Some researchers are also exploring whether COVID-19 itself alters immune pathways in ways that specifically increase susceptibility to invasive fungal infections, although this remains an area of active investigation.
The outbreak has prompted renewed interest in fungal disease research, an area historically underfunded compared to bacterial and viral infections.
Clinical Impact and Outcomes
Mucormycosis is notoriously difficult to treat. Management typically involves a combination of antifungal medication and surgical removal of infected tissue. In some cases, patients required removal of an eye or portions of facial bone to stop the infection from spreading.
Mortality rates during the outbreak were high, particularly among patients with delayed diagnosis or severe underlying conditions. The scale of suffering underscored how devastating fungal infections can be when conditions align in their favor.
Lessons for Future Health Emergencies
Experts say the outbreak offers critical lessons for managing future pandemics and large-scale health emergencies.
First, it highlights the need for careful use of immunosuppressive treatments, especially in populations with high rates of chronic disease.
Second, it demonstrates the importance of maintaining surveillance for opportunistic infections during health crises, rather than focusing solely on the primary pathogen.
Third, it underscores the need for stronger integration between infectious disease management and chronic disease care, particularly diabetes control.
A Broader Wake-Up Call on Fungal Diseases
The black fungus outbreak in India has reshaped how many researchers view fungal pathogens.

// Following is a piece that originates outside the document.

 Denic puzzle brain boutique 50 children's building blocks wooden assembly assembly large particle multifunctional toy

Long considered rare or secondary threats, fungi are now recognized as capable of causing large-scale crises under the right conditions.

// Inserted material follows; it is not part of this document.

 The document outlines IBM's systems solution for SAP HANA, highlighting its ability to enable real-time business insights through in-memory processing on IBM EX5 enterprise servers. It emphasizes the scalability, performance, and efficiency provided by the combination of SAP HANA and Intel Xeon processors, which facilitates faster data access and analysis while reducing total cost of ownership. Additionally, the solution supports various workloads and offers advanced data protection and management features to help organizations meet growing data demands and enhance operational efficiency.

Climate change, expanding populations of immunocompromised individuals, and increasing use of immune-modulating therapies may all contribute to rising fungal disease risks globally.
Public health experts argue that fungal infections deserve greater attention in pandemic preparedness planning.
Conclusion
The deadly surge of mucormycosis in India during the COVID-19 pandemic was not an isolated anomaly, but the result of multiple interacting vulnerabilities. New research reinforces that fungal diseases can rapidly emerge when medical, environmental, and systemic pressures converge.
Understanding these dynamics is essential to preventing similar outbreaks in the future. The episode stands as a reminder that managing pandemics requires attention not only to the primary virus, but also to the opportunistic threats that can follow in its wake.